I do data analysis with the simplest set of performant tools: sqlite, bash-awk-sed-grep, Perl, Python, C++, SVG, and a browser to render. Any kind of glorified REPL beyond a terminal creates fragile complexity and dependency Hell.
My kit doesn't include Node.js or ECMAscript but I'm willing to open my mind enough to think it might, one day. The current tooling for data analysis (or "data science" if we want to be faddish) is a mess and I look forward to better tools in the future.
There is a lot of great work happening in this space already. In the R world for example, shiny makes heavy use of js to the point that you often can't tell where R code ends and javascript begins. Plotly's Dash provides bindings for R, Python, and Julia. Personally, as a data scientist, I have been excitedly learning React because it really rips the landscape wide open for all the use cases I mentioned above. It then makes sense to have libraries that give JS users a good data model and can do most of the same numerical computation that we'd be doing in other languages. Again, you probabaly don't want to do serious numerical work in js, but remember people said that about Python ten years ago too.
I love the framing of this book, because I want more data scientists to start thinking about the presentation of data and spark some bits of ingenuity to make datasets and model outputs accessible to non-data scientists. Data scientists should be the ones writing the tools that interface data with humans because of their domain knowledge. But this is a different skillset and usually the work of SW engineers. Of course engineers can also have great data intuition too, but I really do encourage data scientists to develop their front end skills, it's well worth it.
Python definitely has some problems, but if you were going to have a new lingua franca for data science, it would probably be something like Julia, certainly not JavaScript.
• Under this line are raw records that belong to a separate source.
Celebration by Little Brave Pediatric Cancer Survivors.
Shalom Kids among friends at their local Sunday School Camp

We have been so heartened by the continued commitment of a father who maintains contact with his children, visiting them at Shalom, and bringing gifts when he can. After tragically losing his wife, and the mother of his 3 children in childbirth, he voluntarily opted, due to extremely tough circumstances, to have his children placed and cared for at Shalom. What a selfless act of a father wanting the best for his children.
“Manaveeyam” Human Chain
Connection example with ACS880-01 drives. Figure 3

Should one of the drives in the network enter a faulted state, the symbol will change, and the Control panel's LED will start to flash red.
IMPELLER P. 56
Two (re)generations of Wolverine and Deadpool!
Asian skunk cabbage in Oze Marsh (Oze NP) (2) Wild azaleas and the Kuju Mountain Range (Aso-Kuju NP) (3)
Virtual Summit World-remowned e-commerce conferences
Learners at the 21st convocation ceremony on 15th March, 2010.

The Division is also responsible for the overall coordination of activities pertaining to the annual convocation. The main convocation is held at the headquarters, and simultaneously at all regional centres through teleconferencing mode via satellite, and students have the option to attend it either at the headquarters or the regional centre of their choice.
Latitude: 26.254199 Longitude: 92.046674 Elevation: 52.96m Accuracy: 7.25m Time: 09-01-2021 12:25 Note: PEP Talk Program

So it seems a bit weird to me that they advocate using arrow function syntax instead of the regular syntax. They seem to be advocating using the new class syntax instead, so I guess they don't need the constructor or method creation features of the normal syntax, but I still don't see why they would specifically advocate for arrow function syntax. Is it faster? They say it interferes with other features, but which features?
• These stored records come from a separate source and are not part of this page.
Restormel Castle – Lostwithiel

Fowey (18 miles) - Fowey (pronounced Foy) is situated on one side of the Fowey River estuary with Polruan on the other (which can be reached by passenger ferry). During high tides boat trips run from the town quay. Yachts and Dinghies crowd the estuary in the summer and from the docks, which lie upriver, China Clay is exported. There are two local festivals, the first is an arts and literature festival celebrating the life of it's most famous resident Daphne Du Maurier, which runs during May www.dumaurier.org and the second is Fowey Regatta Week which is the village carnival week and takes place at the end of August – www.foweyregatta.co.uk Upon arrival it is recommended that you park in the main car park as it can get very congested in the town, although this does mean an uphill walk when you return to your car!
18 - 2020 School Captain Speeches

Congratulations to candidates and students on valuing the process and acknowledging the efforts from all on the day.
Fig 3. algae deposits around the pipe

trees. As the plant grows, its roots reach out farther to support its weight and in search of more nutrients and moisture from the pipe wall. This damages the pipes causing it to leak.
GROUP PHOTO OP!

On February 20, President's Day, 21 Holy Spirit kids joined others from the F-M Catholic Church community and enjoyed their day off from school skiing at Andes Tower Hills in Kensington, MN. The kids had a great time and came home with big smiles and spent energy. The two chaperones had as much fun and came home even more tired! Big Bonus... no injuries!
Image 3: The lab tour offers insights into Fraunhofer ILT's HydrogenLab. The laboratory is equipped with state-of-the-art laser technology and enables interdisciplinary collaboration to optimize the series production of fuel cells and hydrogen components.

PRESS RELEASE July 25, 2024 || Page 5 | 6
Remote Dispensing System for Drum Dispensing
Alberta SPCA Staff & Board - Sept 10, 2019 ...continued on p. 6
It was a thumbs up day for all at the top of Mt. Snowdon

[1] https://developer.mozilla.org/en-US/docs/Web/JavaScript/Refe...
FWIW I personally like the function keyword, since it's clear what it is to non-JS readers, but primarily because it hoists to the top of its file, so unimportant utility functions can sit unobtrusively at the end of the file, thereby letting readers encounter more important logic earlier in the file.
side-note: Most of my JS experience is writing userscripts for myself, so I definitely do my share of 'this' shenanigans.
even python is not used for data science, all heavy lifting is done in C/fortran, and python is just a glue
I can't find any benchmark how they compare to data.table or pandas.
Without a dominant and high performance data frame library as a foundation, I wouldn't even try.
Personally, I'm excited to build apps that don't require cloud computing and if they do, have access to one of the largest software engineering libraries through NPM. Sure, I'm not doing just Data Science in JavaScript but rather building apps that use DS/ML/AI, but that's still a valid use case. The alternative would be to use Python for prototyping then rewrite for production apps.